*** Opening Material for this task ***
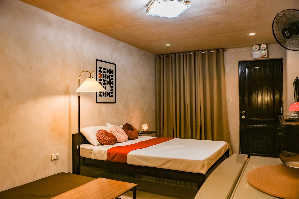 Tastefully decorated studio ~300 m to the favorite quieter part of WHITE BEACH with popular restaurants/pubs. The building is well maintained and compliant with 24 h electricity and security (CCTV). Studio surrounded by tropical greenery located on lower ground floor with cooler air and privacy. Many amenities: Air-con, fan, high speed WiFi, safe, fridge, stove, coffeemaker, minioven, dishes, cookingware, digital blood pressure apparatus and automatic washing machine
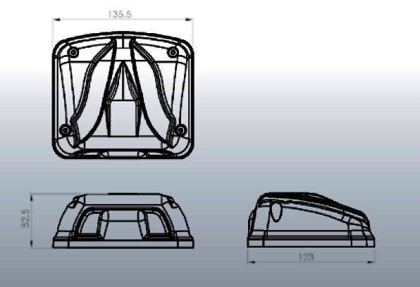 * 12V 24V (Multi Voltage) * LED Диоди: 12 бр. (4 бели и 8 червени) * Материал: ABS пластмаса Размери: 135 mm x 123 mm Височина - 60 mm Център за закрепване към разстояние от центъра: 70 mm Монтажни болтове: включени в опаковката
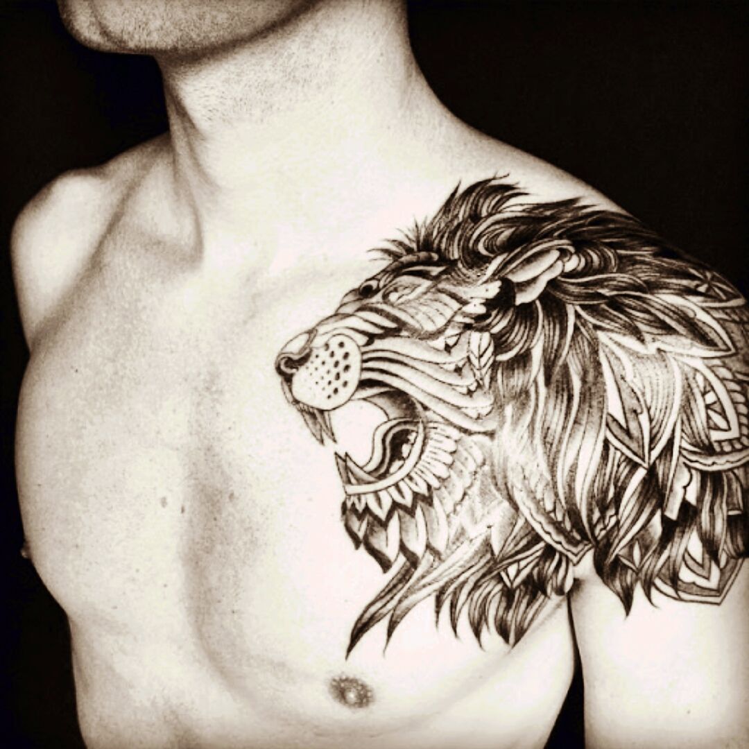 Тату лев на шеи 145 фотографий
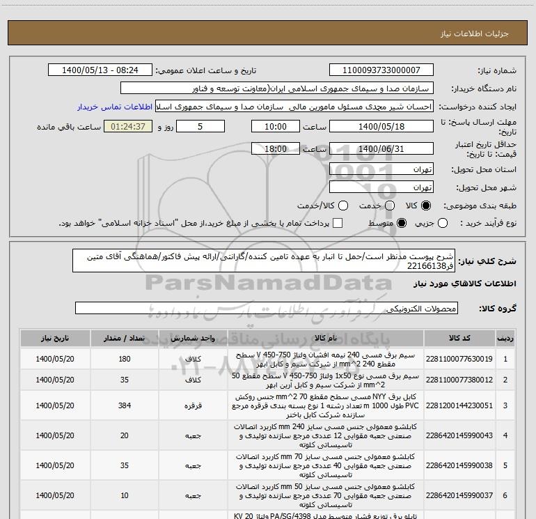| 3 | 2281200144230051 | کابل برق NYY مسی سطح مقطع 70 mm^2 جنس روکش PVC طول 1000 m تعداد رشته 1 نوع بسته بندی قرقره مرجع سازنده شرکت کابل باختر | قرقره | 384 | 1400/05/20 |
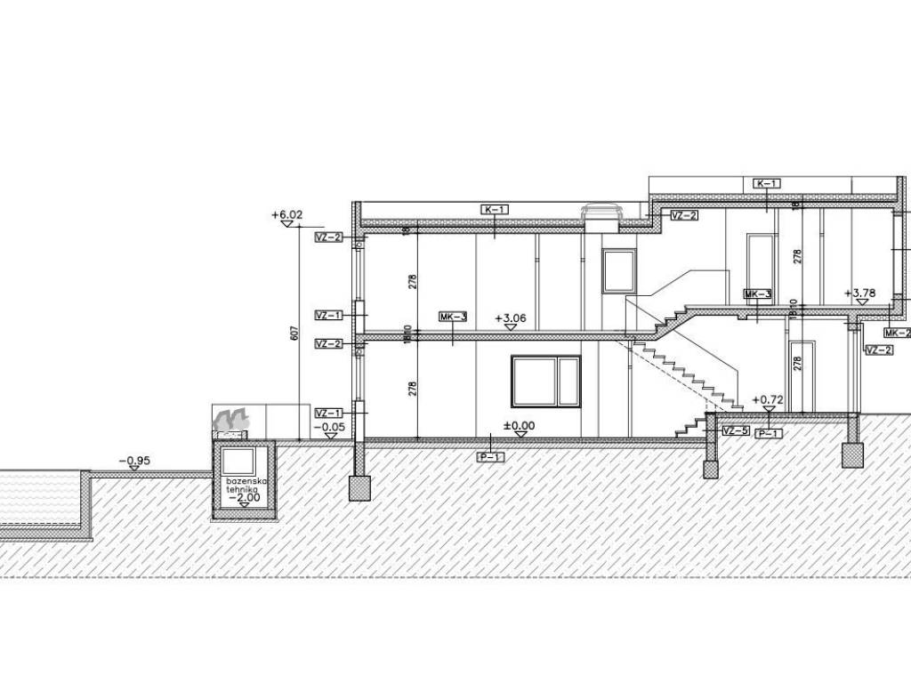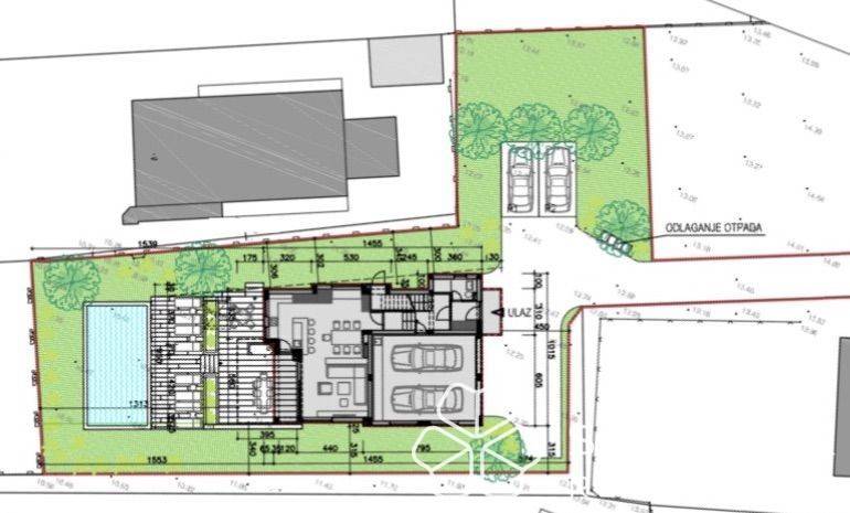 The house consists of a ground floor and a first floor with a wonderful view of the sea and the rest of the island. On the ground floor there is an entrance area, bathroom, living room with kitchen and dining room, covered and uncovered terrace, swimming pool and garage for two cars. In addition to the garage, the house also offers two additional outdoor parking spaces. On the first floor of the house there are 3 corridors, 4 bedrooms (23.79m2 + 17.74m2 + 14.48m2 + 13.68m2), 3 bathrooms and a covered balcony.
*** Closing Material for this task ***
What the exercise asks -> Write out all the entries word for word, but drop the pictures.

Finished task ->
 Tastefully decorated studio ~300 m to the favorite quieter part of WHITE BEACH with popular restaurants/pubs. The building is well maintained and compliant with 24 h electricity and security (CCTV). Studio surrounded by tropical greenery located on lower ground floor with cooler air and privacy. Many amenities: Air-con, fan, high speed WiFi, safe, fridge, stove, coffeemaker, minioven, dishes, cookingware, digital blood pressure apparatus and automatic washing machine
 * 12V 24V (Multi Voltage) * LED Диоди: 12 бр. (4 бели и 8 червени) * Материал: ABS пластмаса Размери: 135 mm x 123 mm Височина - 60 mm Център за закрепване към разстояние от центъра: 70 mm Монтажни болтове: включени в опаковката
 Тату лев на шеи 145 фотографий
| 3 | 2281200144230051 | کابل برق NYY مسی سطح مقطع 70 mm^2 جنس روکش PVC طول 1000 m تعداد رشته 1 نوع بسته بندی قرقره مرجع سازنده شرکت کابل باختر | قرقره | 384 | 1400/05/20 |
 The house consists of a ground floor and a first floor with a wonderful view of the sea and the rest of the island. On the ground floor there is an entrance area, bathroom, living room with kitchen and dining room, covered and uncovered terrace, swimming pool and garage for two cars. In addition to the garage, the house also offers two additional outdoor parking spaces. On the first floor of the house there are 3 corridors, 4 bedrooms (23.79m2 + 17.74m2 + 14.48m2 + 13.68m2), 3 bathrooms and a covered balcony.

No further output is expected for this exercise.